Single by Five Star

from the album Rock the World
- B-side: "Rare Groove"
- Released: 10 September 1988
- Genre: Pop
- Length: 4:22
- Label: RCA Victor, Tent
- Songwriter(s): Doris Pearson, Delroy Pearson
- Producer(s): Doris Pearson, Delroy Pearson

Five Star singles chronology
| "Rock My World" (1988) | "Someone's in Love" (1988) | "There's a Brand New World" (1988) |

= Someone's in Love =

"Someone's in Love" is the name of a 1988 US only remixed single by British pop group Five Star. It reached #36 on the US R&B Billboard chart. The single was the third of five releases from their album and the lead single from the album Rock the World in USA.
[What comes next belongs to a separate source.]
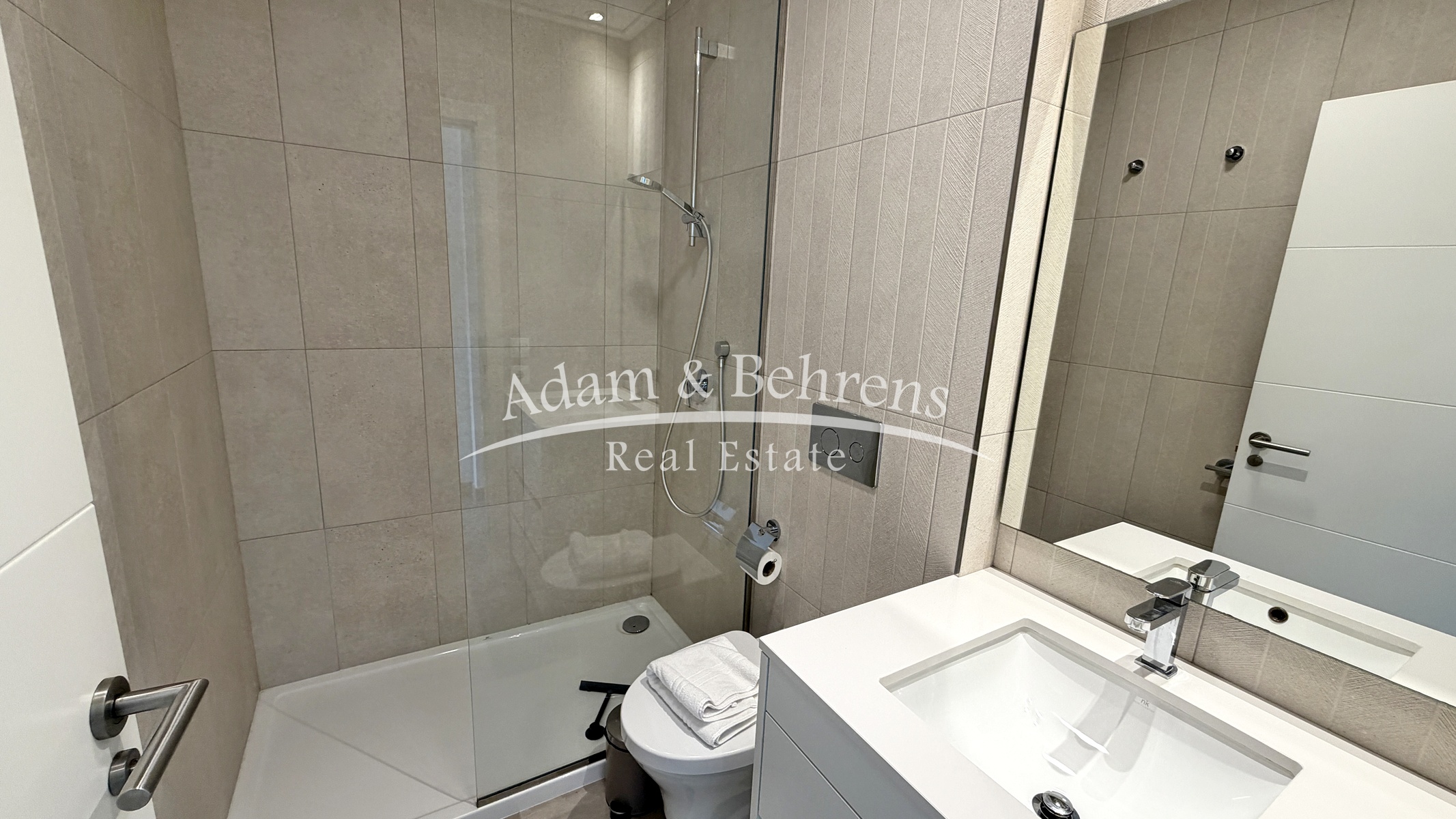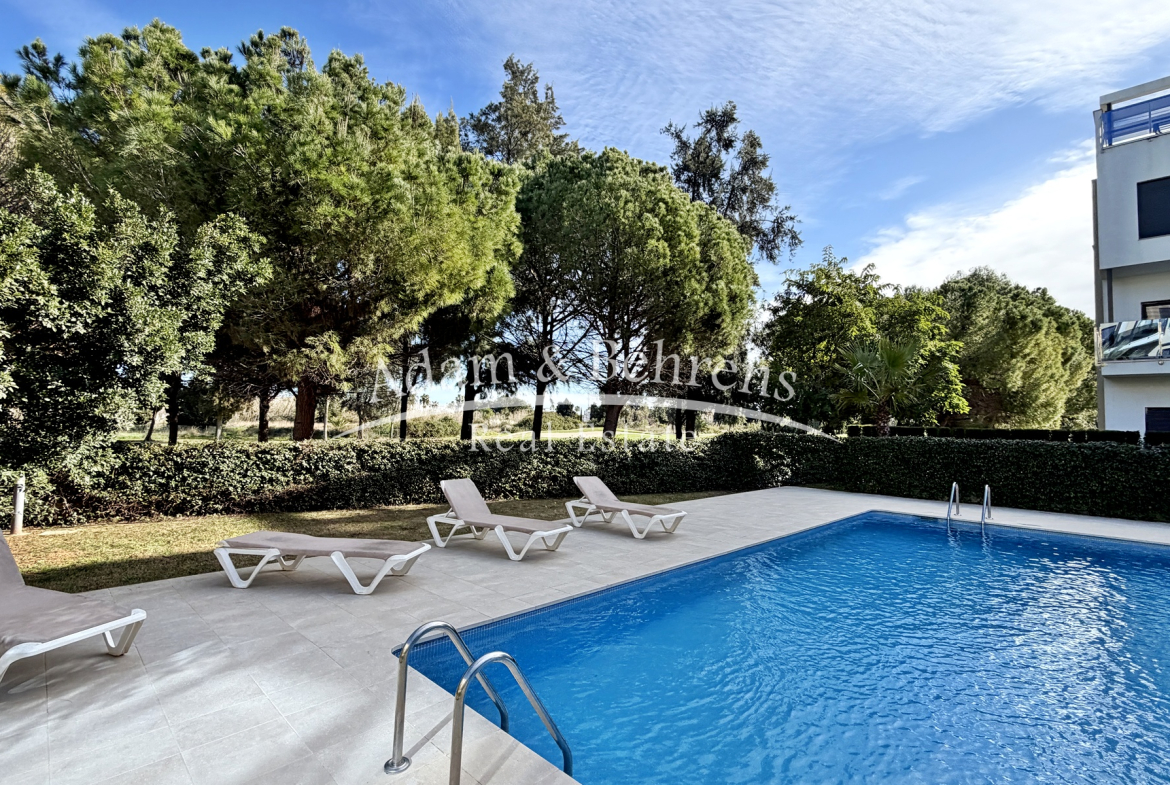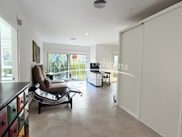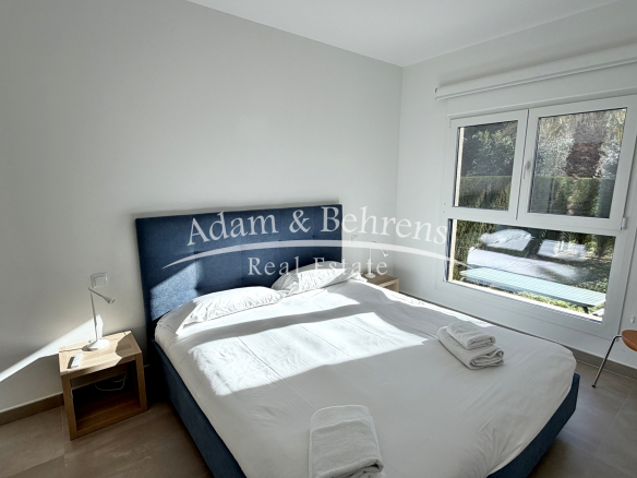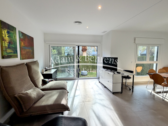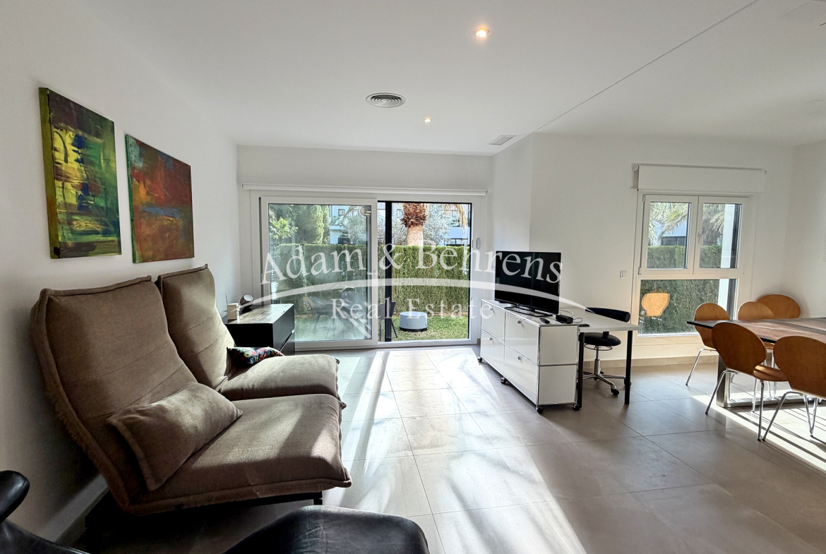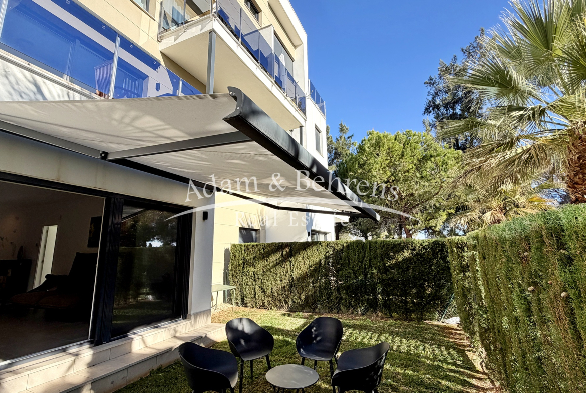 Diese neuwertige Erdgeschosswohnung überzeugt durch ihre moderne Architektur, helle Räume und eine funktionale Grundrissgestaltung. Der offene Wohn- und Essbereich mit integrierter Küche bildet das Herzstück der Wohnung und bietet direkten Zugang zur Terrasse und zum privaten Gartenbereich und den daran anschließenden Gemeinschaftspool.
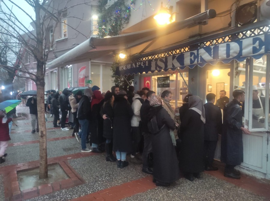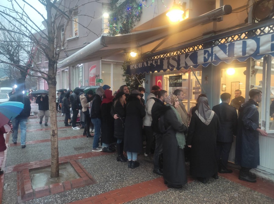 Hafta sonu Bursa'ya gelerek kapalı çarşıdan alışveriş yapan vatandaşlar Bursa Heykel'de bulunan İskender kebap yapan restaurant önünde uzun kuyruklar oluşturdu.

Doris sang the lead vocals on this track rather than sister Denise, who was lead singer on all of Five Star's singles up to this point.

The Radio Mix was used on the US edition of the Rock the World album.

==Track listings==
- 7" single
1. Someone's In Love (7" Radio Mix) 4:08 – featured on US pressing of Rock The World album *
2. Rare Groove

- 12" single

3. Someone's In Love (R&B Dance Mix w/o Rap)
4. Someone's In Love (Some Dub Mix)
5. Someone's In Love (LP Mix) – NB version not actually featured on LP
6. Someone's In Love (7" Radio Mix) – featured on US pressing of Rock the World album
7. Rare Groove

All tracks available on the remastered versions of either the 2012 'Rock The World' album, the 2013 'The Remix Anthology (The Remixes 1984-1991)' or the 2018 'Luxury - The Definitive Anthology 1984-1991' boxset.